Along with the popularity of mobile communications and wireless broadband data communication, efforts are now made to render various frequency bands to be available due to the lack of frequency bands. Multiple input and multiple output (MIMO) based on multiple antennas is a requisite technology to increase data rate, finding its applications in mobile communication network systems such as long term evolution (LTE) and mobile worldwide interoperability for microwave access (Mobile WiMAX).

FIG. 1 illustrates an exemplary structure of a general multi-band antenna. For example, the multi-band antenna is a triple-band antenna. Referring to FIG. 1, the multi-band antenna may include, for example, a first antenna array 9 of a first band, (2-1)^th and (2-2)^th antenna arrays 11 and 12 of a second band, and (3-1)^th and (3-2)^th antenna arrays 31 and 32 of a third band, which are arranged, for example, on a single reflective plate (not shown) standing upright in a lengthwise direction. The first band may be an 800-MHz (for example, 808-MHz to 860-MHz) cellular band, the second band may be a 2.5-GHz (for example, 2.495-GHz to 2.690-GHz) broadband radio service (BRS) band, and the third band may be a 1.9-GHz (for example, 1.850-GHz to 1.995-GHz) US-PCS band.

The first antenna array 9 may be arranged at the center of the reflective plate, the (2-1)^th and (3-1)^th antenna arrays 11 and 31 may be arranged on the right side of the first antenna array 9, and the (2-2)^th and (3-2)^th antenna arrays 12 and 32 may be arranged on the left side of the first antenna array 9. It may be understood that the (2-1)^th and (2-2)^th antenna arrays 11 and 12, and the (3-1)^{th and (}3-2)^th antenna arrays 31 and 32 are installed in a double structure to implement a MIMO antenna of the second band and a MIMO antenna of the third band, respectively in the above-described structure.

The first antenna array 9 is configured generally to include a plurality of radiation modules for the first band arranged vertically in a row.
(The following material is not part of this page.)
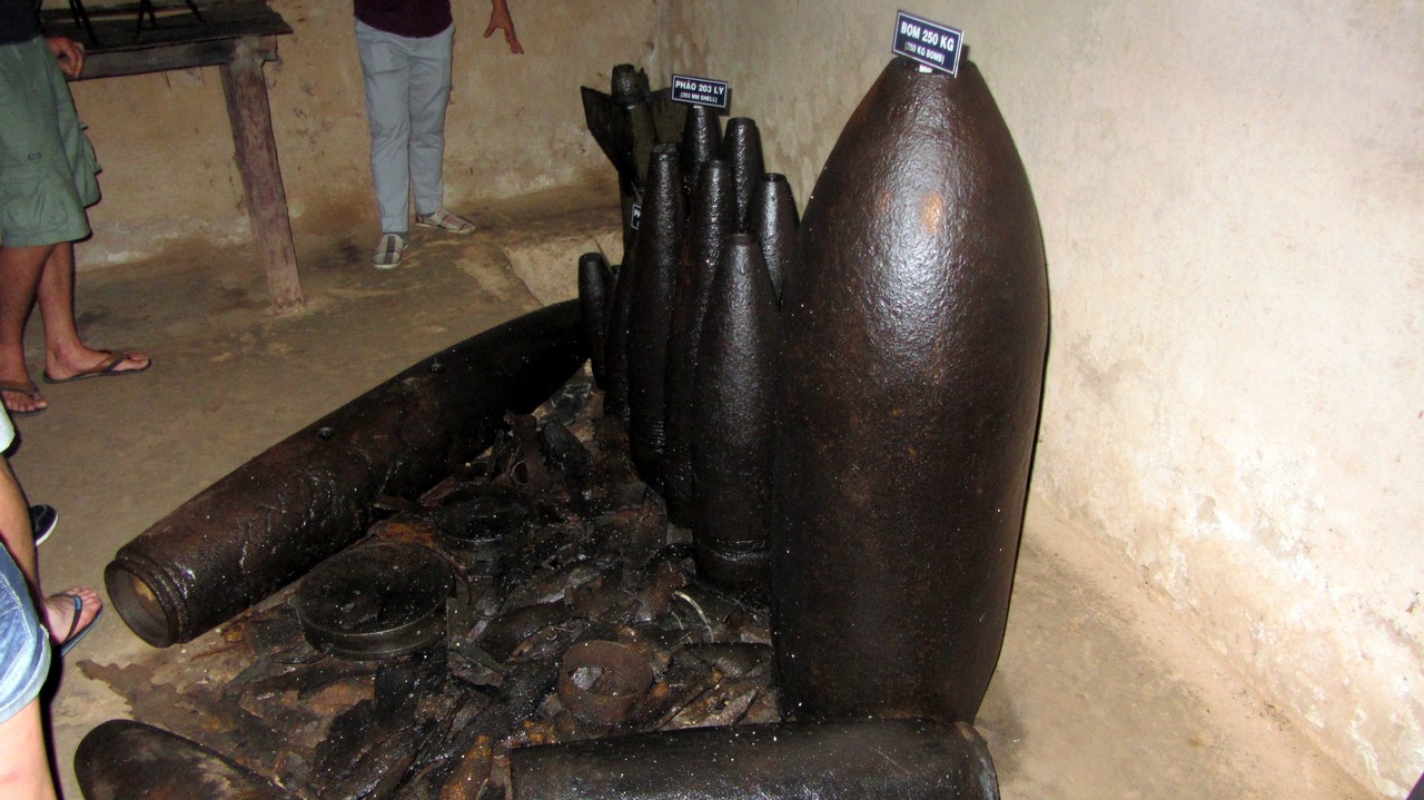 Bei der Anlage haben wir uns zuerst historische Waffen und anschließend einen Film über den Krieg und die heldenhaften Vietnamesen angeschaut, die von einem Feind angegriffen wurden, der doch eigentlich mit dem Land gar nichts anfangen konnte usw.

Similarly, each of the (2-1)^th and (2-2)^th antenna arrays 11 and 12 is configured generally to include a plurality of radiation modules for the second band arranged vertically in a row, and each of the (3-1)^th and (3-2)^th antenna arrays 31 and 32 is configured generally to include a plurality of radiation modules for the third band arranged vertically in a row. Each of the radiation modules for the first, second, and third bands is configured generally to include four 4-directional radiation elements arranged at +45 degrees and −45 degrees on the whole with respect to a vertical (or horizontal) direction, so that two mutually orthogonal linear polarizations (that is X polarizations) are generated.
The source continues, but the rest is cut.